Revenue from those brands dropped 11% in the first quarter, about twice the rate of decline for the company’s overall portfolio of more than 500 labels. Shipments plunged the most in China, where the effect of COVID-19 lockdowns hit hardest because they started earlier than in the U.S. and Europe.

As demand evaporates amid a global shutdown of bars and restaurants, AB InBev and rivals Heineken and Carlsberg are racing to find ways to cut costs to reduce the effect on profit. So far AB InBev’s more expensive products are suffering less, but longer-term, as the pain from a pandemic-induced recession spreads from blue-collar to white-collar workers, that could also harm the collection of niche premium labels that AB InBev has built up in past years.

AB InBev is in more of a pinch than Heineken and Carlsberg, given that it’s also struggling to reduce a pile of debt that stood at $96 billion at the end of 2019. The brewer said Thursday that shipments plunged 32% in April.

Budweiser, Stella and Corona are in its mid-priced segment in the United States and are popular brands in bars, which have widely been closed during the pandemic.

Carlsberg said last week that it was already preparing for a new normal in which more profitable craft labels face more competition from cheaper alternatives. An eye-opening moment for CEO Cees ‘t Hart was when he took a taxi to Amsterdam airport on April 26 on his way to Copenhagen: He was the driver’s first customer in a month, and the 60-euro fee his only income.

“We need to cater to this with a slightly different portfolio—it could be that for a while, we will have have a focus on economic brands,” the CEO said. “The aftermath will be much longer and maybe quite a bit more painful, with people not having the money to spend.”

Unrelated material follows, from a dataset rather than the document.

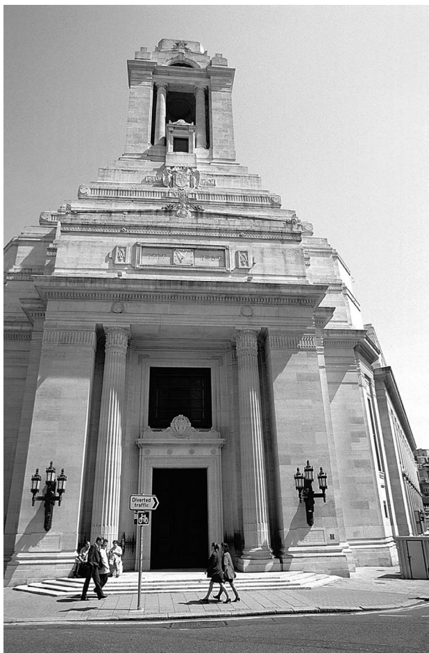
United Grand Lodge, London, Freemason's HQ.

The Select Committee report concludes: "Progress has been slow, particularly with the police.....We call on the government to speed up the process of establishing the registers of masonic status among the police and other parts of the criminal justice system, and to announce a firm timetable for completion of the exercise..... Additionally the names of all those who have failed to indicate whether or not they are masons should be published; such persons should not be allowed to exempt themselves entirely from the process simply by declining to co-operate."

Cut-price beer is performing well in some markets, such as South Africa. AB InBev was already seeing its inexpensive Lion Lager grow at a double-digit rate in the first quarter there before its production and distribution was halted to comply with a government mandate.

China’s lockdowns were largely responsible for AB InBev’s 9.3% decline in total first-quarter shipments, and excluding that market, the decline was only 3.6%. That may bode badly for Europe and the U.S., which entered lockdowns later.

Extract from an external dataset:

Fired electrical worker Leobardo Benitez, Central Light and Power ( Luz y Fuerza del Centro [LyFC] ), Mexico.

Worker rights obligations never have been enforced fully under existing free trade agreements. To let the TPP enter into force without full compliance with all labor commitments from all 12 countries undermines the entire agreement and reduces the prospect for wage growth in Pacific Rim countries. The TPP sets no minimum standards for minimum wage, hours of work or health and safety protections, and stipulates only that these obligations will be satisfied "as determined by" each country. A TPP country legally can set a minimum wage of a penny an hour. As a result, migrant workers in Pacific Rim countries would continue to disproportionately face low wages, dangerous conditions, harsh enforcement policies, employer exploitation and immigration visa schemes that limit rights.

While some craft breweries are seeing surging demand from drinkers looking to prop up local producers, catastrophic levels of unemployment in the U.S. in the longer term may eventually lead those consumers to switch to less glamorous labels such as Bud Light.

In recent years, demand for craft has surged, and the industry will be keen to see if that can continue. In China, the market hardest-hit by COVID-19 restrictions in the first quarter, AB InBev’s superpremium offerings outperformed the rest.

AB InBev, Carlsberg and Heineken, caught out by the trend in developed markets such as the U.S. and the U.K., have collectively spent billions of dollars acquiring popular small brands like Devil’s Backbone, Elysian Brewing, Lagunitas and London Fields.

“There will be permanent economic damage and the shape of this recession is likely to impact low-income workers hardest, and we probably will see some down-trading as a result of this,” Trevor Stirling, an analyst at Sanford C. Bernstein, said by phone.